Prime Minister's Strategy Unit (2005)
Improving the life chances of disabled people
2.4 High levels of exclusions are both a
cause of and the result of poor outcomes for disabled pupils and
pupils with SEN. In their study, Special educational needs: a
mainstream issue, [4]the
Audit Commission found that the vast majority of permanent exclusions
in the 22 LEAs surveyed related to pupils with SEN: 87% of exclusions
in primary schools and 60% of exclusions in secondary related
to pupils with SEN.
2.5 In 2004 the Advisory Centre for Education
(ACE) found that about three-quarters of their exclusions calls
related to pupils with special educational needs. Pupils with
ADHD, autistic behaviour and mental health problems made up a
significant proportion of these pupils. Between a third and a
half of ACE's SEN/exclusions calls blamed lack of support or inadequate
support as the reason for the exclusion and in nearly a sixth
of these calls it appeared that the school had not made any "reasonable
adjustments" and that this was a factor in the exclusion.
2.6 In a recent Office for National Statistics
report[5],
27% of children with autism in the sample had been excluded and
the vast majority of these on more than one occasion. Exclusions
also start young:
"My son was permanently excluded from
nursery and from two schools by time he was seven years old. He
has now been out of school for 15 months."
Parent of an autistic pupil, ringing helpline organisation
2.7 It is quite inappropriate that there
is such over-reliance on the disciplinary route for disabled pupils
and pupils with SEN, particularly when there is evidence of lack
of support and of a failure to make reasonable adjustments which
may amount to disability discrimination. There is a clear need
to put in place appropriate provision and make reasonable adjustments.

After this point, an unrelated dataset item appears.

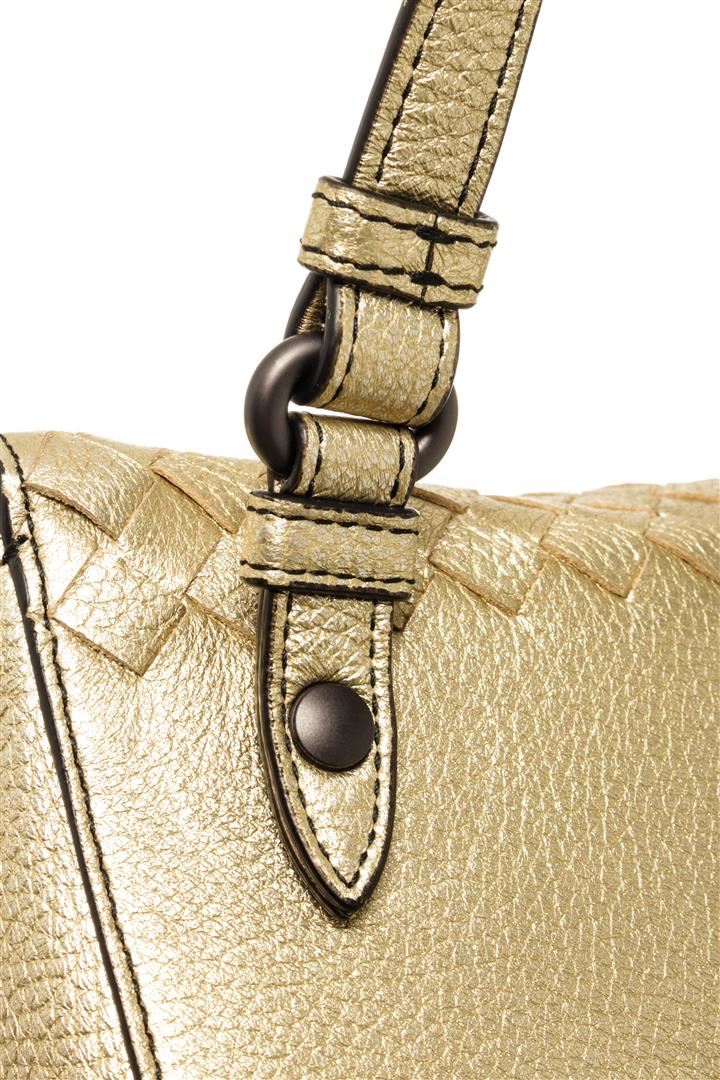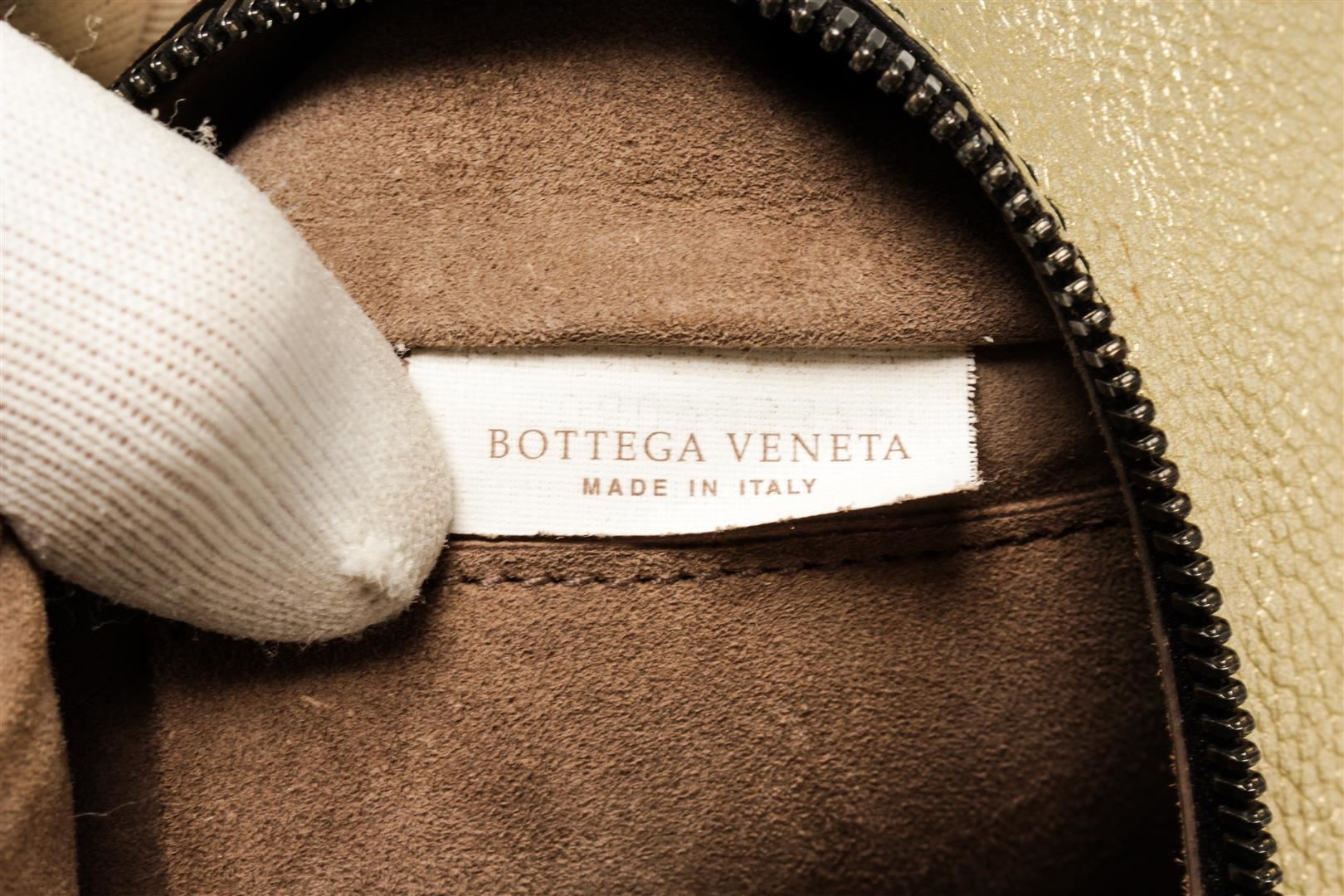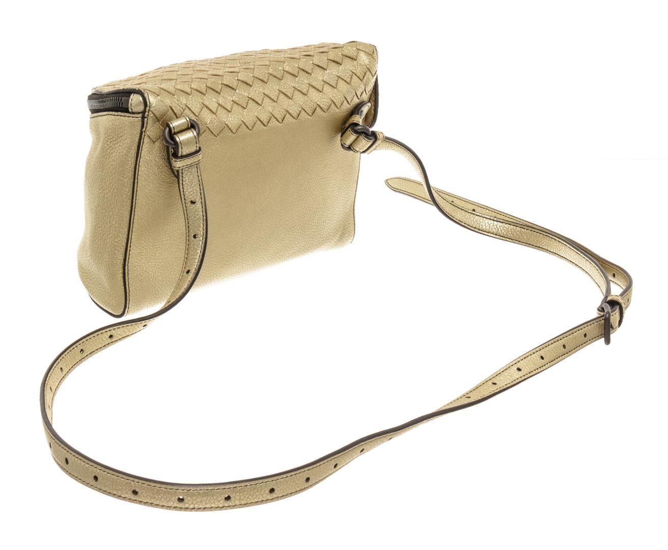 One Bottega Veneta Gold Metallic Top Zip Shoulder Bag. Item is sold AS-IS. All available information is listed in the description and shown in the photo. Bottega Veneta Gold Metallic Top Zip Shoulder Bag with gun metal tone hardware, black leather trim, brown suede lining, and zipper closure.

This depends on all the appropriate training and support being
in place.
TRAINING
2.8 Training is needed across different
roles and at different levels in the service: curriculum managers,
teachers in initial training, subject specialists in institutes
of higher education, newly qualified teachers in their induction
year, so that all teachers understand their duties towards disabled
pupils and pupils with SEN.
2.9 SEC welcomes the work commissioned by
the Training and Development Agency for Schools (TDA) which is
now getting under way at the Institute for Education, London University.
SEC understands that this work will lead to new programmes in
initial teacher training that should ensure that teachers start
their career with a better understanding of SEN and disability.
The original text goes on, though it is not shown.